Cuando acabó
la Segunda Guerra
Mundial el compromiso político de Picasso se concretó mucho más y se hizo
manifiesto. Durante la ocupación había vivido rodeado y animado por un grupo
selecto de intelectuales críticos (Eluard, Desnos, Leiris, Sartre...) que
valoraban mucho la aportación de los comunistas a la resistencia antifascista.
Ellos leyeron en un acto semipúblico (19 de marzo de 1944) el drama del artista
titulado El
deseo atrapado por la cola, un texto en clave sobre las miserias de la Francia ocupada que no
deja de recordar, por su tono esperpéntico y estrafalario, a las dos planchas
de Sueño y mentira de Franco. Es otro medio
expresivo, cierto, pero parece que en ambos casos pretendió seguir la senda
surrealista sin dejar de ser fiel a la tradición del iberismo desgarrado.
La
recuperación de la libertad tuvo algunas consecuencias inesperadas. La
vanguardia, tan atacada por los nazis, aparecía ahora glorificada, y Pablo
Picasso emergía como el héroe artístico indiscutible del siglo XX. El Museo de
Arte Moderno de Nueva York (a donde fue a parar el Guernica durante algún
tiempo) lograba sus primeros éxitos propagandísticos al conseguir que se
identificara con los valores democráticos a la estética que había venido difundiendo
desde hada más de una década. Pero nunca dejó Picasso de poner en una situación
incómoda a sus propios seguidores, y para corroborarlo una vez más se afilió al
Partido Comunista.
La guerra
fría complicó las cosas. ¿Cómo era posible exaltar a Picasso como quintaesencia
de la libertad del arte democrático y sostener, a la vez, que el comunismo era
la negación radical de esos valores? ¿No fue acaso este artista el autor de un
retrato glorificador de Stalin y de algunos carteles propagandísticos de
diversas iniciativas comunistas? Pero éste era un problema de los demás. Ya hemos
dicho muchas veces que Picasso era especialista en sobrellevar (y en fomentar)

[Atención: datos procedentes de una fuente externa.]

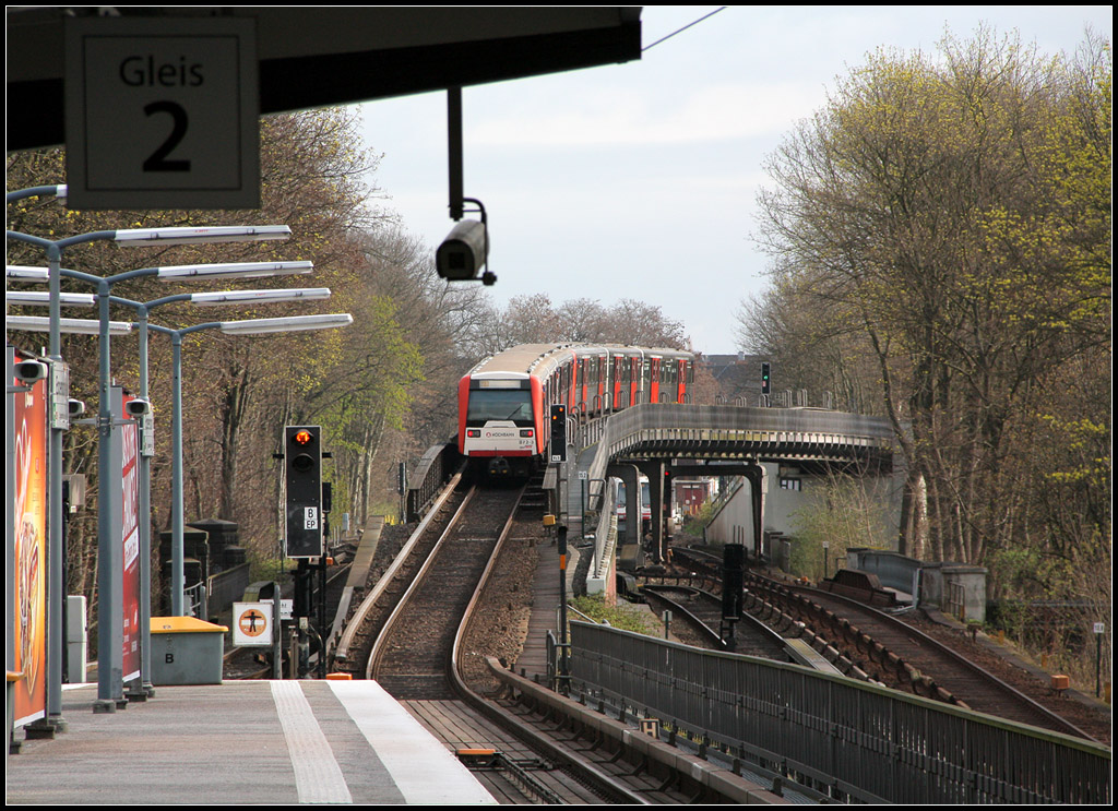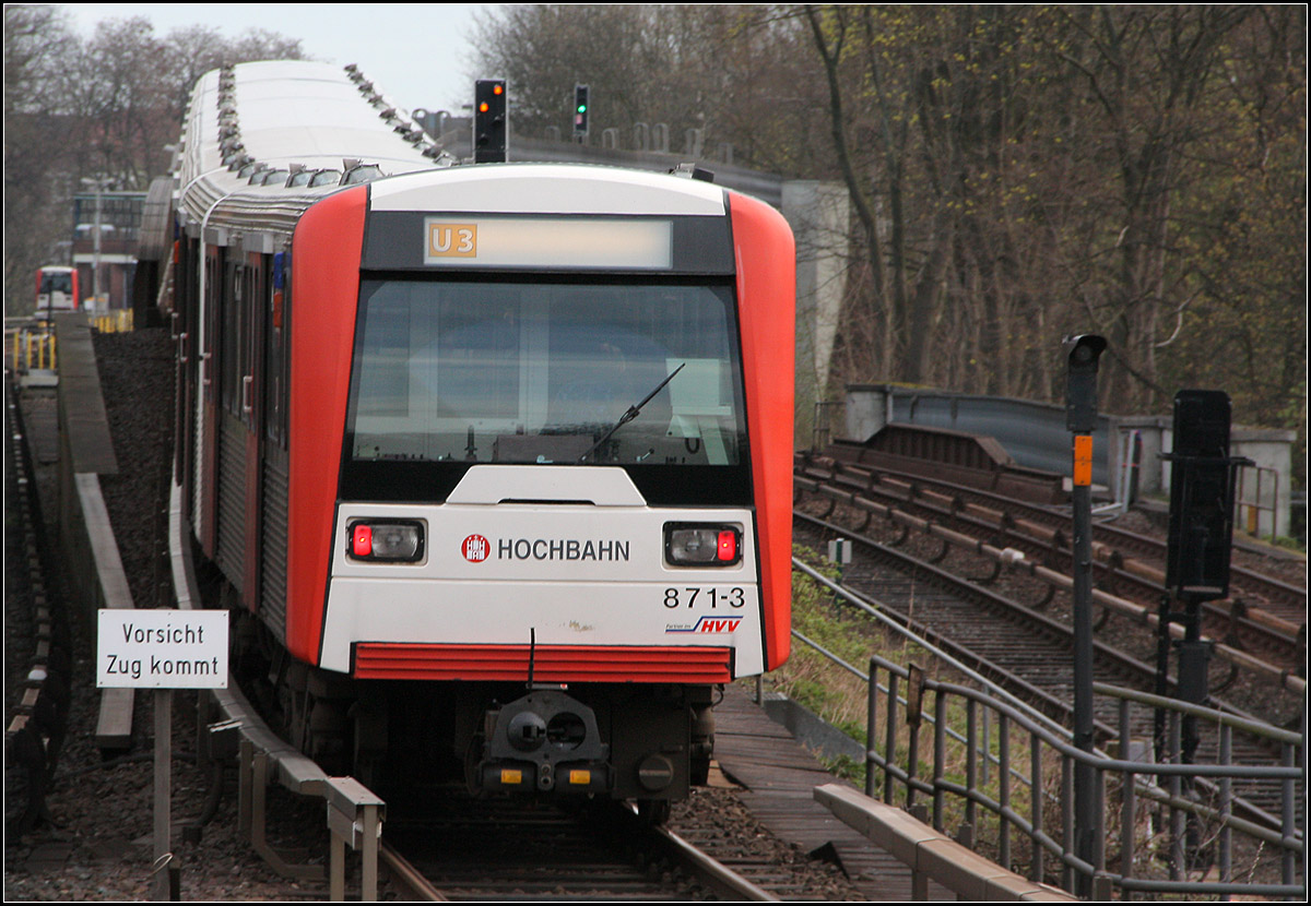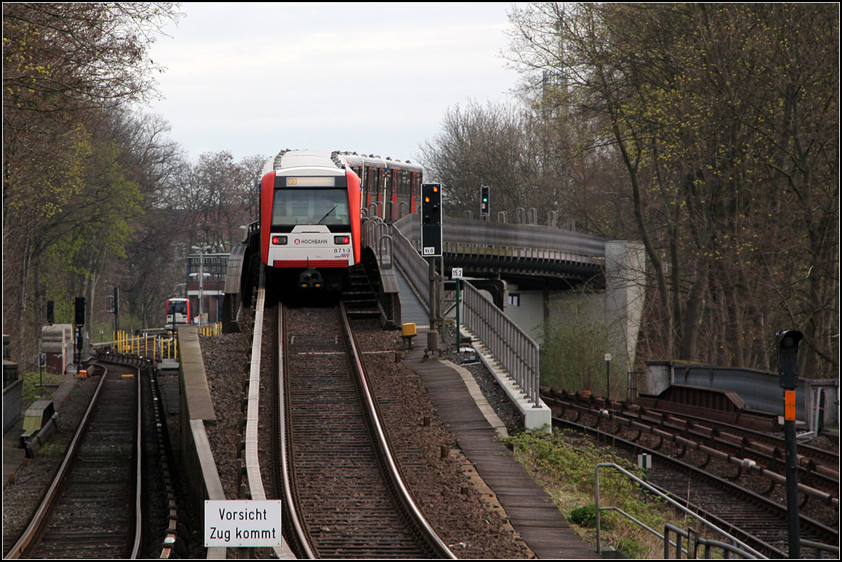 . Jetzt gehts hoch - Ein Zug der Hamburger U3 am Beginn der kurzen Steigungstrecke auf das Überwerfungsbauwerk nördlich der Station Eppendorfer Baum. Der Zug kommt allerdings nicht, er geht. 11.04.2012 (M)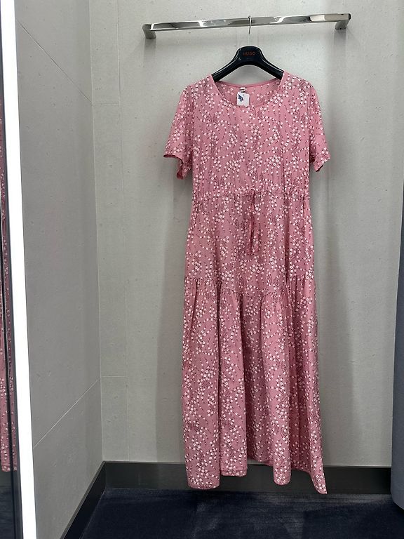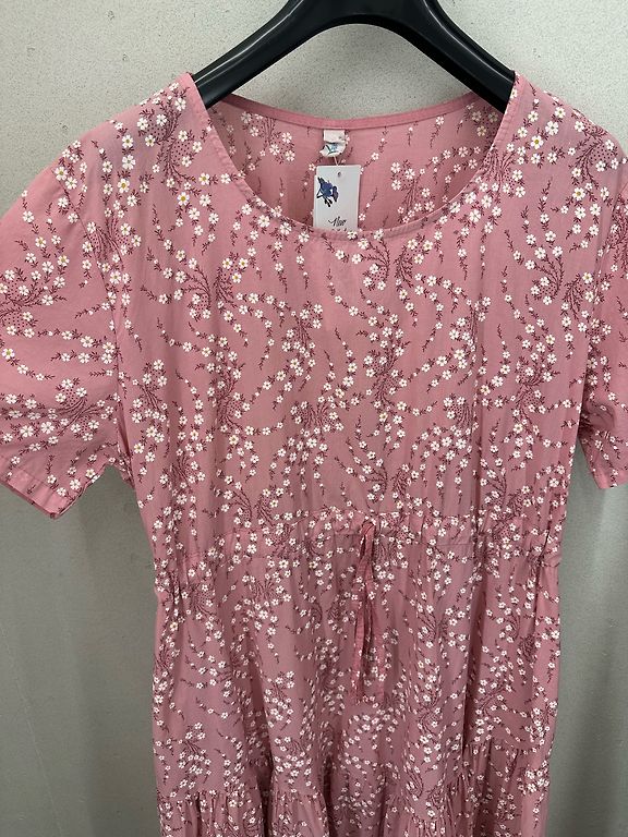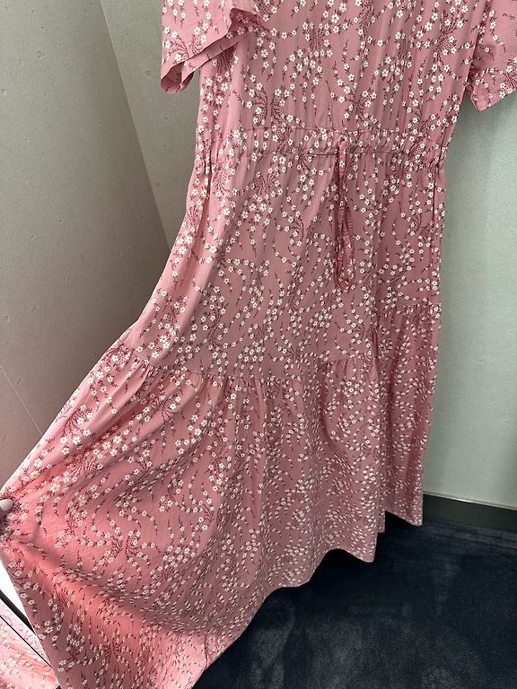 Materiāls ir forša, formu turoša kokvilna. Kuplinātas piedurknes, uz muguras slēptais rāvējslēdzis. Krāsa ir zemeņu sarkana, kā internetfoto. Nav rozā. Izmērs norādīts L. Derēs 40tajam un 42. izmēram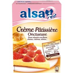 Alsa – Crème Pâtissière 390g – Préparation pour dessert facile et rapide La Crème Pâtissière alsa® vous permet, en 5 minutes seulement, d’ajouter une touche de gourmandise à toutes vos pâtisseries : choux, tartes et éclairs. Le résultat ? Un dessert frais, fait maison et facile à préparer ! •Une texture généreuse pour une crème pâtissière gourmande ; •Une saveur incomparable apportée par l’arôme vanille ; •3 crèmes pâtissières, d’1/2L chacune, rapides et faciles à réaliser ; •Source de calcium ; •Sans conservateur. a super Crème Pâtissière alsa® : un dessert frais et si simple à réaliser ! La Crème Pâtissière alsa® vous permet, en 5 minutes seulement, d’ajouter une touche de gourmandise à toutes vos pâtisseries : choux, tartes et éclairs. Le résultat ? Un dessert frais, fait maison et facile à préparer ! Rapide et facile à préparer 1.Je porte à ébullition 1/2 litre de lait dans une casserole. 2.Quand le lait bout fortement, je retire la casserole du feu et je verse immédiatement le contenu d'un sachet dans le lait. Je remue à l'aide d'un fouet pour obtenir une crème lisse et épaisse. 3.Je verse la crème dans un saladier et je laisse refroidir, tout en la remuant de temps en temps. 4.Je couvre le saladier avant de le placer au réfrigérateur pendant au moins 30 min afin que la crème épaississe. 5.Je la remue une dernière fois avant de l'utiliser dans mes desserts. C'est prêt ! Idée recette : la tarte aux fraises INGRÉDIENTS : •1 sachet de préparation pour Crème Pâtissière Onctueuse alsa® •1/2 L de lait •1 kg de fraises •1 pâte à tarte sablée ou brisée PRÉPARATION DE LA RECETTE : 1.Je préchauffe mon four à 180°C (Th.6). 2.Je prépare ou j’utilise une pâte à tarte sablée ou brisée pour foncer mon moule à tarte. 3.Je pique la pâte à la fourchette. Pour éviter que la pâte ne gonfle, je la recouvre d’un disque de papier sulfurisé et je répartis des billes de cuisson. Je fais cuire le fond de tarte 20 minutes jusqu’à ce que les bords dorent légèrement. Lorsque le fond de tarte est cuit, je laisse refroidir 15 minutes à l’air libre. 4.Pendant ce temps, je lave les fraises et je les équeute. 5.Je prépare la Crème Pâtissière Onctueuse alsa® en suivant les instructions présentes sur le paquet puis je la laisse refroidir. Je garnis généreusement votre fond de tarte de crème pâtissière. Je dispose les fraises sur la crème et je sers. Bonne dégustation ! Alsa : faire un dessert, c’est donner de l’Amour ! Chez alsa®, nous voulons faire rimer la pâtisserie, le plaisir et la gourmandise et ne laisser que le meilleur à nos consommateurs : la joie et la fierté de finaliser leurs desserts. Alsa® est le partenaire idéal de vos desserts au quotidien et de vos moments festifs. Avec notre large gamme d’aides à la pâtisserie et de desserts à préparer, débutants comme confirmés peuvent créer un moment de partage et de plaisir gourmand en famille ou entre amis. Avec nos préparations pour gâteaux alsa®, c'est toute la simplicité et la praticité de préparer un gâteau en moins de 5 min. Avec alsa®, l’amour ça se voit ! Préparation pour Ma super Crème pâtissière

la contradicción. No lo sabremos nunca con certeza, pero puede que sintiera
una íntima satisfacción al conocer la incomodidad que causaba a algunos
jerarcas comunistas su ambigua y extraña militancia en el partido de la «clase
obrera».
Y es que
Picasso no era un trabajador, sino un mito. Los museos y coleccionistas se
disputaban sus obras. Todo el mundo quería ver a aquel personaje inmensamente
rico y famoso que tan claramente hacía ley de su españolísima «real gana». No
fue, desde luego, un militante comunista ordinario, sino un importante compañero
de viaje que se prestó de buena gana a ser utilizado con fines propagandísticos.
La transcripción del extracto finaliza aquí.